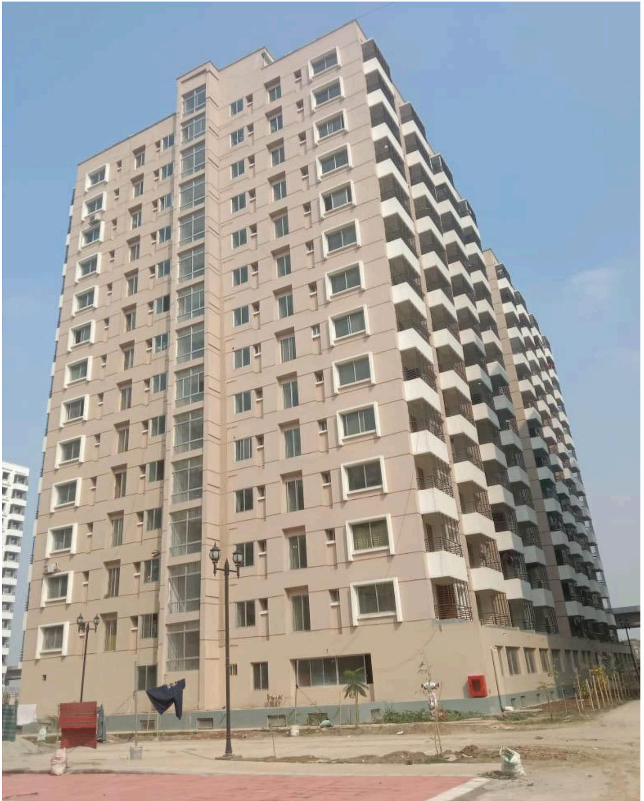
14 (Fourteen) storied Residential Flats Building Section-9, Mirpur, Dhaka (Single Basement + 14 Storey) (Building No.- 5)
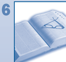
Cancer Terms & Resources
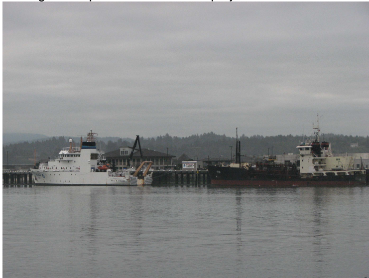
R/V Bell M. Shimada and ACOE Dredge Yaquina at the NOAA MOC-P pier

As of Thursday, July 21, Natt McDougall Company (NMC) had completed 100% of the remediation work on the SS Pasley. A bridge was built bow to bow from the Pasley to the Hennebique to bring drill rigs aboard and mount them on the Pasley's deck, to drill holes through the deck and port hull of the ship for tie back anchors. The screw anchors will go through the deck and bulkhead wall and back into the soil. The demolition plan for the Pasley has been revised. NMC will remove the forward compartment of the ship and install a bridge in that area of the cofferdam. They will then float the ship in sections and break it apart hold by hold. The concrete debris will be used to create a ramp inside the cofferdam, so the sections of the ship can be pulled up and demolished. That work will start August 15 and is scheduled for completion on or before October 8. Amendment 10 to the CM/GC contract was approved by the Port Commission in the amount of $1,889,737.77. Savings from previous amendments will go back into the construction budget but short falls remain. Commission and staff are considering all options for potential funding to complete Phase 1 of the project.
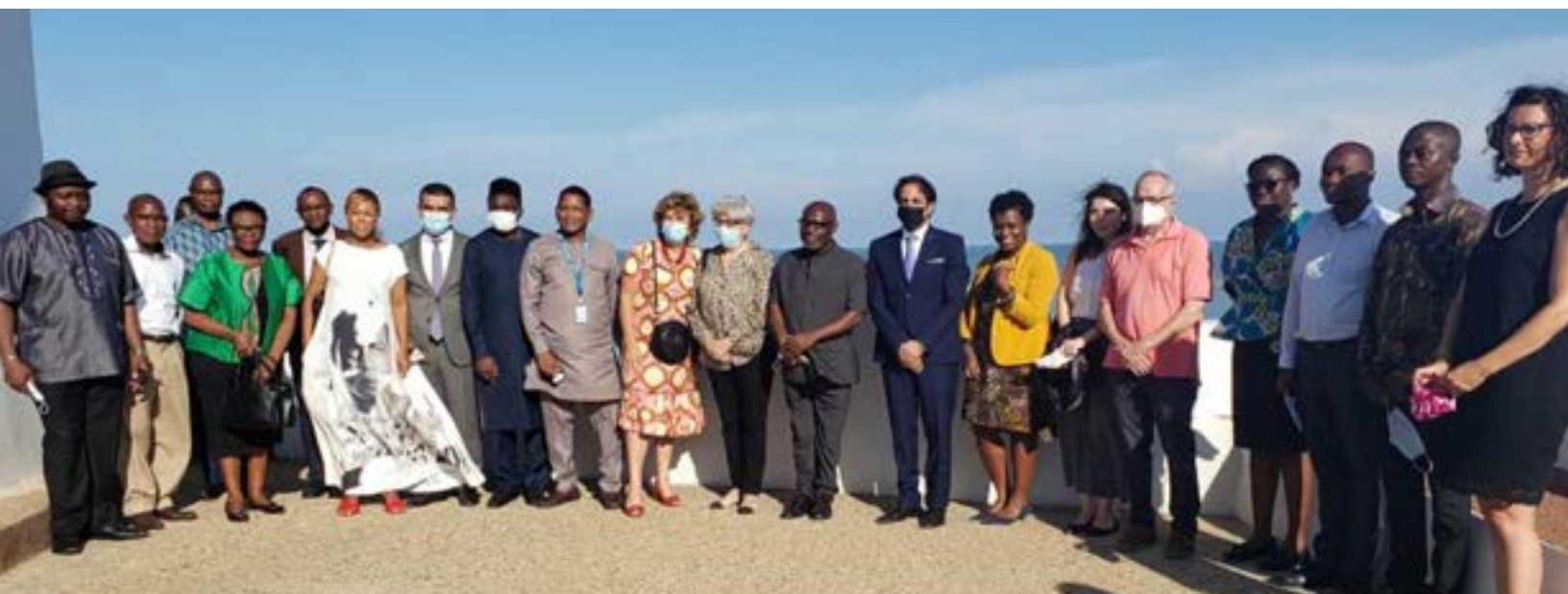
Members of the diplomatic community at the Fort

*-*-*

- _TASK REQUIREMENTS_
From the first line of the entries down to the line with "R/V Bell M.", print each line exactly; omit any picture.

- _RESPONSE AREA_
14 (Fourteen) storied Residential Flats Building Section-9, Mirpur, Dhaka (Single Basement + 14 Storey) (Building No.- 5)
Cancer Terms & Resources
R/V Bell M. Shimada and ACOE Dredge Yaquina at the NOAA MOC-P pier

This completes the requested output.